Pros and cons of going online

The stigma around addiction and addicts not only creates fear, guilt and shame among AA and NA members, but also creates obstacles in the path of finding suitable and inclusive spaces for conducting the fellowship sessions.Most of the sessions take place in educational and religious institutions. The limited availability of venues thus becomes a major problem.

“It’s a disease so powerful that I cannot give it up without support or hand-holding. A fellowship is the need of the hour”

Member of an Alcoholics Anonymous Fellowship, speaking during the COVID-19 lockdown

Another major challenge of meeting in person manifests itself when members lose control over their actions during the meetings. “On occasions, we have had new, or even old, members going back to using drugs or alcohol, in what we term a relapse. In such cases, members sometimes turn aggressive even when the meeting is on, and we have lost a few meeting venues due to such incidents, ” says Abhinandan*, a member, who has been sober for about 24 years now. There are no such concerns when the meetings are virtual, he points out but at the same time says, “Though Zoom calls keep the fellowship active, nothing can replace the bond that is created when we meet in person.”

The need for support and awareness

The extraordinary circumstances created by the coronavirus disease has created a lot of stress and had a deep impact on the mental health of citizens.

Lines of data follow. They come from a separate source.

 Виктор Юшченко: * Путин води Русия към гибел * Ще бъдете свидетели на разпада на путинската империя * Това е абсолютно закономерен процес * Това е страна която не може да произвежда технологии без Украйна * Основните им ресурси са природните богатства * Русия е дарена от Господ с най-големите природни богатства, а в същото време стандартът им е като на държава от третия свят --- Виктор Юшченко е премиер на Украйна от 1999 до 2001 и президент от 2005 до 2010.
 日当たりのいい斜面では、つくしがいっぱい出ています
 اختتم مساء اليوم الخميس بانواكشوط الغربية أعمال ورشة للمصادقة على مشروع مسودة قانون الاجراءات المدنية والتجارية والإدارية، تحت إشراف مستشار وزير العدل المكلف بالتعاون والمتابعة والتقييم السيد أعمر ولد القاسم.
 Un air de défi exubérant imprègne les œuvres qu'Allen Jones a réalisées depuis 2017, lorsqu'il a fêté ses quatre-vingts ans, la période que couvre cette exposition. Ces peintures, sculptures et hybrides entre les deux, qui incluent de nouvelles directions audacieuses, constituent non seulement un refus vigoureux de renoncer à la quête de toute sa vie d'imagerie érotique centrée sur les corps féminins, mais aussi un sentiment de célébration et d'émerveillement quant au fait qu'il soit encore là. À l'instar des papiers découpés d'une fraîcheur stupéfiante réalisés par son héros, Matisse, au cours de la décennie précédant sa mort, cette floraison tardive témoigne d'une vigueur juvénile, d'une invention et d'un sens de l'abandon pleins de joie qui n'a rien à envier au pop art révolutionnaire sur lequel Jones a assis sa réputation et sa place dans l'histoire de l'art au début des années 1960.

Job losses, anxiety about self or family and social isolation are rampant. Under such conditions, there is a huge possibility of people either relapsing or even getting into the habit of alcohol consumption and drug addiction. 

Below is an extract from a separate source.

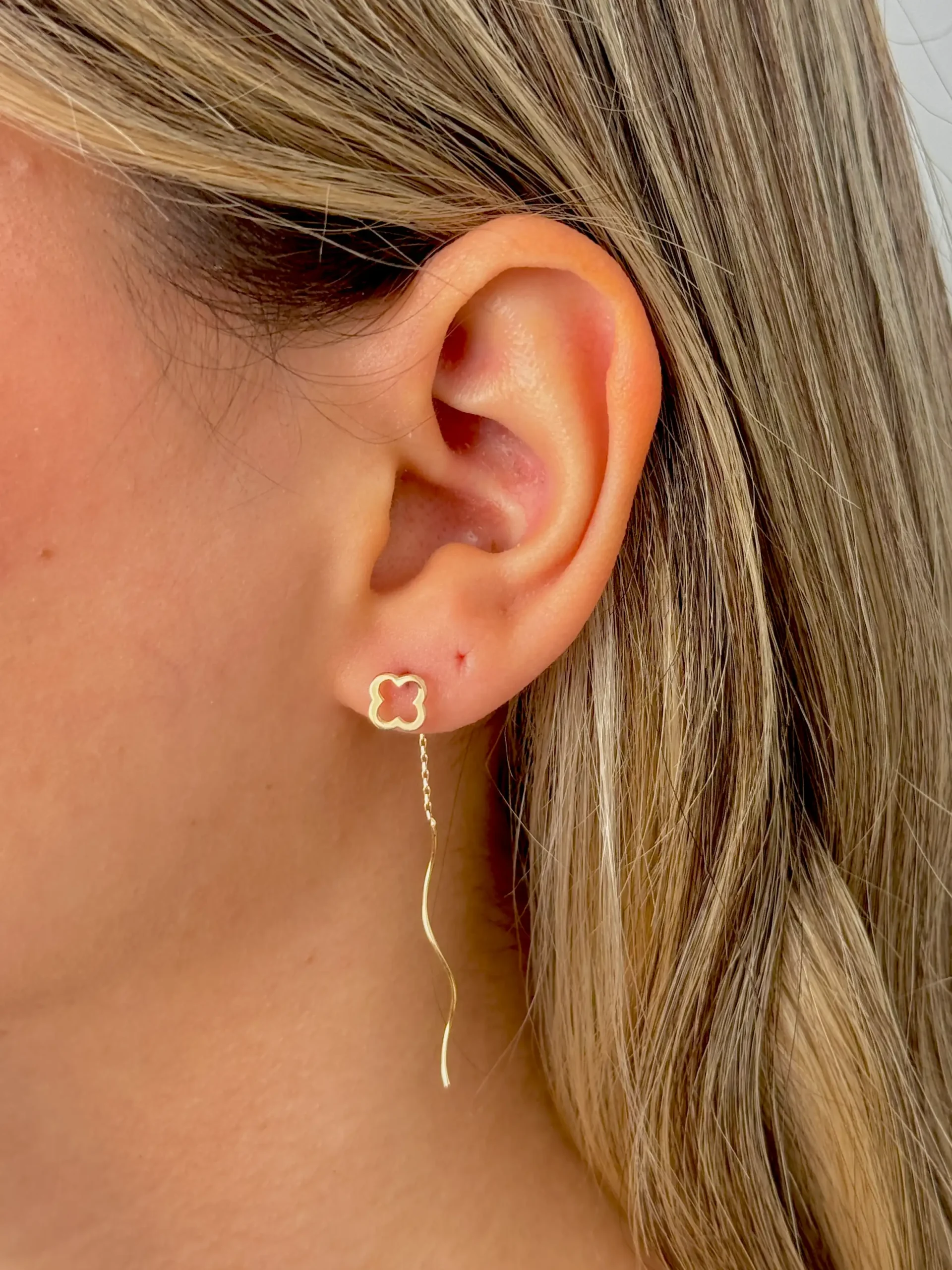 این گوشواره طلا بخیهای با طراحی موجی و الهامگرفته از سبک ونکلیف، جلوهای مدرن و در عین حال ظریف دارد. ساختار آن از طلای ۱۸ عیار ساخته شده و گل چهار پر ونکلیف به صورت توخالی و خطی طراحی شده است؛ همین موضوع باعث میشود گلگوش بسیار سبک، راحت و مناسب استفاده روزمره باشد.

“Initially, the closure of liquor shops in containment zones and non-availability of drugs due to transportation issues could have deterred citizens but the emotional imbalance created by circumstances are likely to push people towards mood-altering substances, especially now when availability is not an issue any longer,” says Kumaran* a member of an AA group. This problem calls for immediate action.

Many addicts in the country have recovered just by regularly attending these fellowships. However, unlike other countries, awareness about these groups is rare in Indian cities. Considering the current crisis, it is the need of the hour to take a few measures to help the community. 

For example, the police and courts can direct the offenders of ‘drink-and-drive’ cases to attend AA meetings to learn how intoxicants and narcotics affect an individual’s life and how to free oneself from such habits. “While such directions by courts are frequently seen in western countries, it seldom happens in India,” said Kumaran. 

The fellowships are independent in nature.  They do not collaborate with, nor are they funded by, government bodies or corporates.  However, any support from the government in creating awareness will contribute to the successful functioning of the fellowship. For instance, after the symbolic participation of Delhi Chief Minister Arvind Kejriwal in a NA fellowship meeting, many more people became aware of the existence of such a platform.  

Members also feel that

  • Helpline numbers should be made available in all police stations and other public institutions. 
  • A National-level helpline for NA Fellowship should be created.

AA national level helpline - +91 90227 71011/022-65055134

NA area helplines
Bangalore: +91 98805 90059
Kolkata: +91 98362 23071
Bengal: ‎+91 87680 71057
Mumbai: +917045379492
Chandigarh: +91 92177 06222
Odisha: +919776644440
Chennai: +91 9710919924
Pune: +91 96736 06686
Darjeeling: +91 9547730033
Punjab: +91 81462 25262
Delhi: +91 98180 72887 / +91 9990916671
Sikkim: +91 9474019570
Hyderabad: +91 8297544324 / +91 6304387653
South Mumbai: +91 8433872341
Jammu: +91 90865 97717

*Names in the article have been changed as Fellowship rules forbid disclosure of individual identities of members in media or public domain.